2. PlaceID: We can partition data on the basis of PlaceID instead of the region to avoid the query overload in popular seasons or rush hours. We can use a key-value store to store the places. In this case, the key is the PlaceID and the value contains the server in which that place is stored. This will make the process of fetching places more efficient.

So, we’ll opt for partitioning on the basis of places. Moreover, we’ll also use caches for popular places. The cache will have information about that particular place.

Ensure availability#

Consider a scenario where multiple people in the same radius place a search request. If we have a single QuadTree, it’ll affect the availability of the users. So, we can’t rely on a single QuadTree. To cater to this problem, we replicate our QuadTrees on multiple servers to ensure availability. This allows us to distribute the read traffic and decrease the response time. QuadTrees are built on a server, so we can use the server ID as a key to identify the server on which the QuadTree is present. The value is the list of places that the QuadTree holds. The key-value store eases the rebuilding of the QuadTree in case we lose it.

Insert a new place#

We insert a new place into the database as well as in our QuadTree. We find the segment of the new place if the Quadtree is distributed on different servers, and then we add it to that segment. We split the segment if required and update the QuadTree accordingly.

Rank popular places#

We need a service, a rating calculator, which calculates the overall rating of a service. We can store the rating of a place in the database and also in the QuadTree, along with the ID, latitude, and longitude of the place. The QuadTree returns the top 50 or 100 popular places within the given radius. The aggregator service determines the actual top places and returns them to the user.

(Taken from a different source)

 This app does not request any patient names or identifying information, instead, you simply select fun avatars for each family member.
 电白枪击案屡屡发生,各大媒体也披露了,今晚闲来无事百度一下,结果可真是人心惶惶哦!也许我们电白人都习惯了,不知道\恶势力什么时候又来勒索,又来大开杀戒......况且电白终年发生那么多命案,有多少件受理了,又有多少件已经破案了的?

Note: We don’t expect the rating to be updated within hours, as such frequent changes in QuadTrees or databases can be expensive. We update them once a day, when the load is minimal.

Finalized design#

We added a few new components to our design. We introduced caches to store popular places. This allows us to fetch the places much faster. Moreover, we also added a rating calculator that sorts the places based on their ratings. This will enhance user experience, since the places with a good rating will be displayed first.

The updated design of our system is shown below:

Evaluation#

Let’s see how our system design fulfills our requirements.

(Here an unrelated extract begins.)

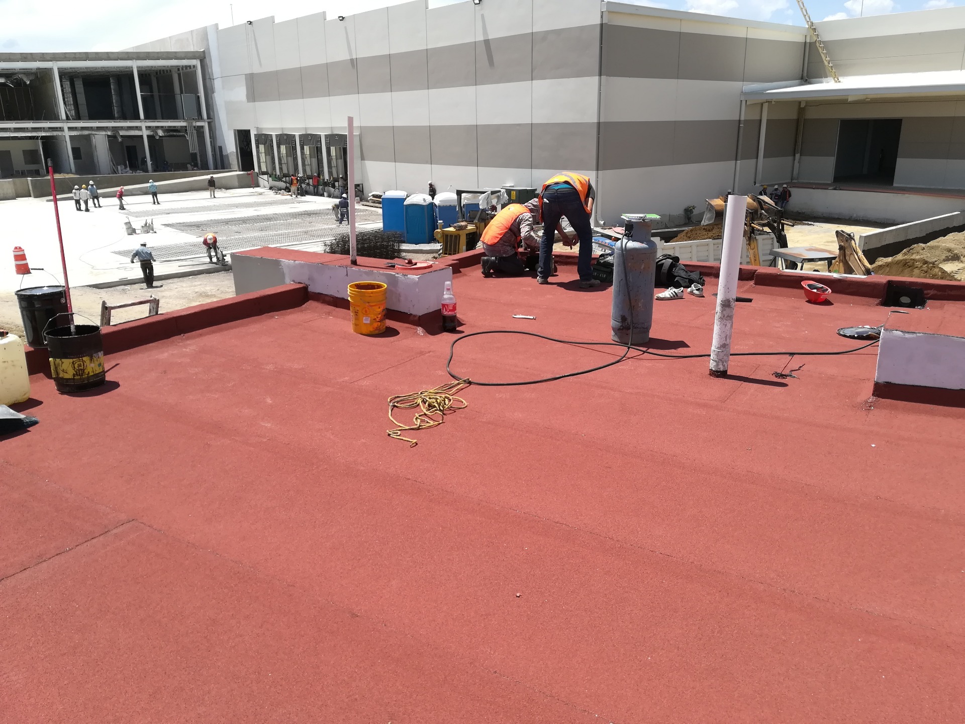 Aplicación de sika manto 3.5 mm. membrana de refuerzo de fibra de vidrio, rojo.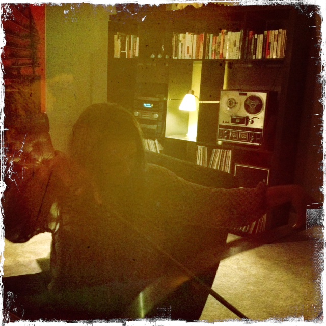 Alison playing a musical saw.

• Availability: We partitioned the data into smaller segments instead of having to deal with a huge dataset consisting of all the places on the world map. This made our system highly available. We also replicated the QuadTrees data using key-value stores to ensure availability.
• Scalability: We split the whole world into smaller dynamic segments. This allows us to search for a place within a specific radius and shorten our search area. We then used QuadTrees in which each child node holds a single segment. Upon adding or removing a place, we can restructure our QuadTrees. So, we were able to make our system scalable.
• Performance: We reduced the latency by using caches. We cached all the famous and popular places, so request time was minimized.
• Consistency: The users have a consistent view of the data regarding places, reviews, and photos because we used reliable and fault-tolerant databases like key-value stores and relational databases.

Summary#

The proximity-based servers allow the user to search for a specific place or places nearby. The map data of the world is huge and dividing it into segments and finding the specific segment was a challenge in itself. So, we used QuadTrees to optimize our search and provided the user with a list of places with minimum latency.